We find that the transition from integration to a task-defined bias towards one of the cues coincides with becoming aware of the conflict between the cues. Also, we found a reduction in the response variability compared to single-cue conditions (which is an indicator of actual cue integration), only when the visual stimulus was attended to and no cue conflicts were noticed. This suggests that participants do not integrate visual and inertial cues in all situations, but that they can choose one cue for the response when they notice cue conflicts. Further, participants can, to some extent, ignore the conflicting cue, but not completely. We could not find significant evidence for an effect of task-defined attention on cue weights when no cue conflicts were noticed.

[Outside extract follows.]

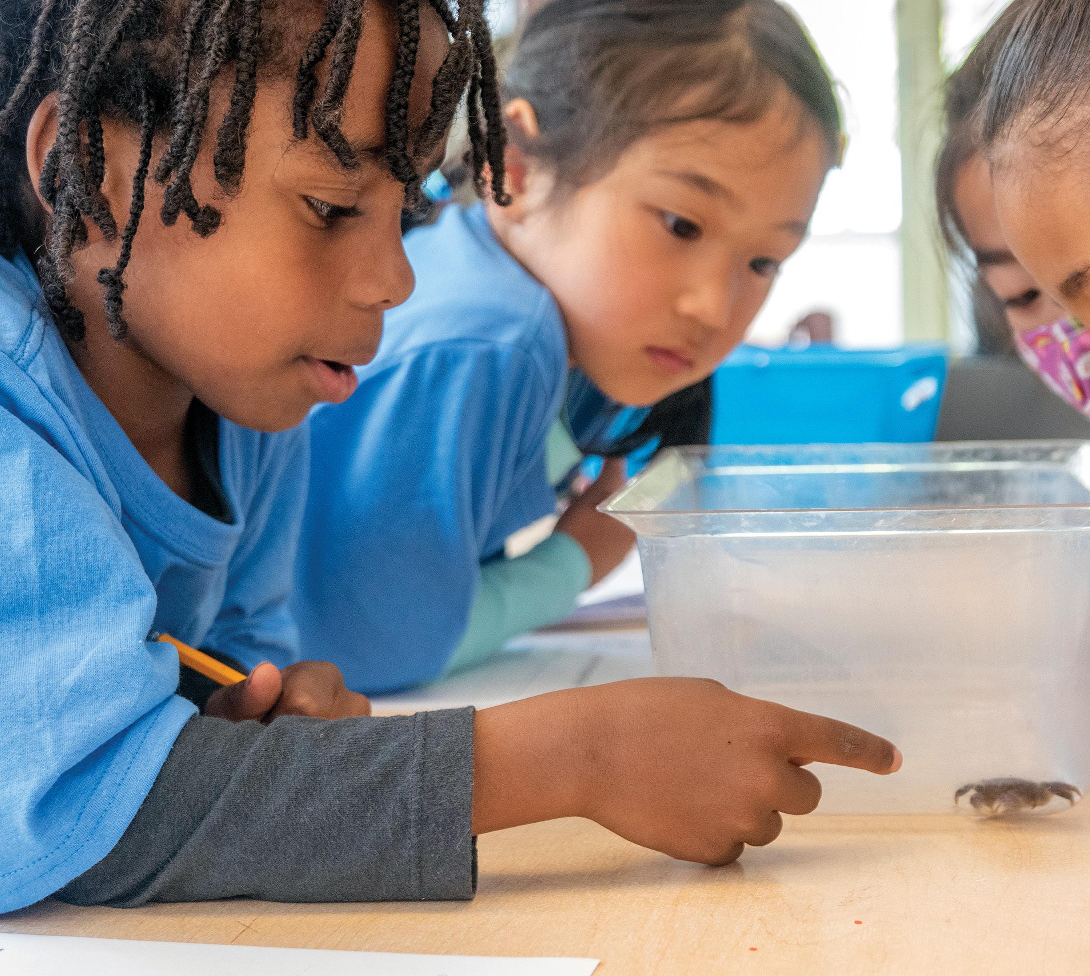 Kindergartners studying sand crabs in the Academic Talent Development Program’s seashore science class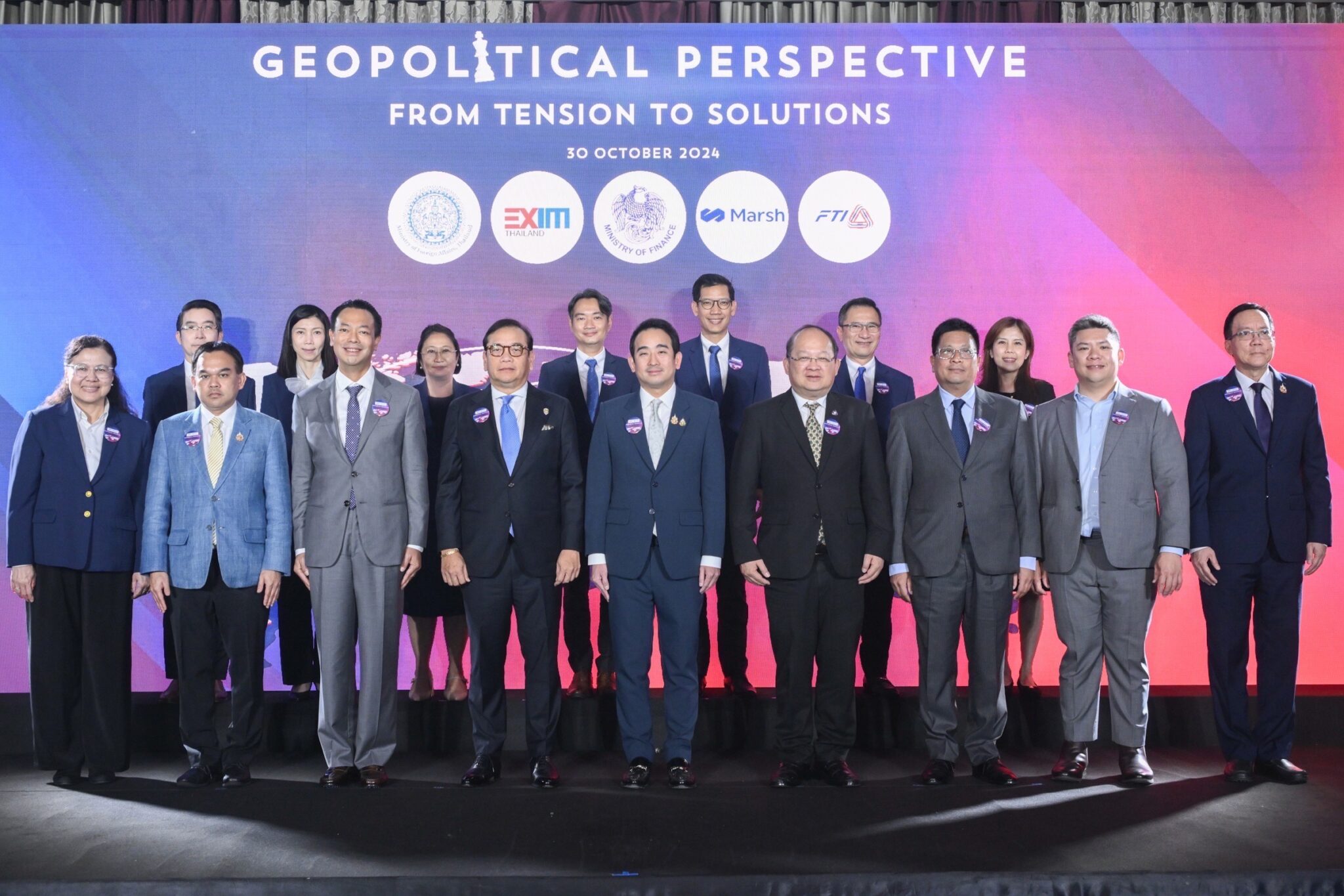 EXIM BANK ร่วมกับบริษัทนายหน้าประกันภัยและที่ปรึกษาความเสี่ยงชั้นนำของโลก “MARSH PB” จัดสัมมนา “Geopolitical Perspective : From Tension to Solutions” เพื่อเสริมสร้างความรู้ความเข้าใจต่อสถานการณ์ความขัดแย้งทางภูมิรัฐศาสตร์ในปัจจุบัน และการใช้เครื่องมือทางการเงินทั้งสินเชื่อและเครื่องมือป้องกันความเสี่ยงขยายโอกาสการค้าการลงทุนโลก ให้แก่ผู้ประกอบการไทยจำนวนกว่า 100 ราย เพื่อนำไปใช้วางแผนธุรกิจให้สามารถรับมือกับปัจจัยท้าทายและสร้างธุรกิจให้เติบโตได้อย่างยั่งยืน โดยมี ดร.เผ่าภูมิ โรจนสกุล รัฐมนตรีช่วยว่าการกระทรวงการคลัง เป็นประธานกล่าวเปิดงาน

Taken together, our results corroborate findings from studies on the integration of other sensory modalities (Warren et al. 1981; Bertelson and Radeau 1981; Wallace et al. 2004) and suggest that the integration of visual and inertial cues during earth-vertical rotations breaks down if participants notice cue conflicts.

These results are consistent with a “robust integration” model of multisensory integration, in which task-defined top-down influences, like the instruction to attend to one stimulus and ignore the other, can be used by participants to resolve conflicting sensory stimuli in accordance with the current task.

As has been proposed by previous studies (Warren et al. 1981; Talsma et al. 2007; Mozolic et al. 2008), the task to attend to one cue and ignore the other could reduce the integration of cues from different modalities, whereas attending to both cues at the same time could promote their integration. In our study, we found that the integration broke down particularly when participants noticed conflicts between the cues, and only then did the task instructions have a significant effect. Thus, in cases when participants assume that both cues give compatible information about the measured value, it might be more difficult for them to follow the task instructions and ignore one of the cues than when they become aware that the information in the cues is conflicting.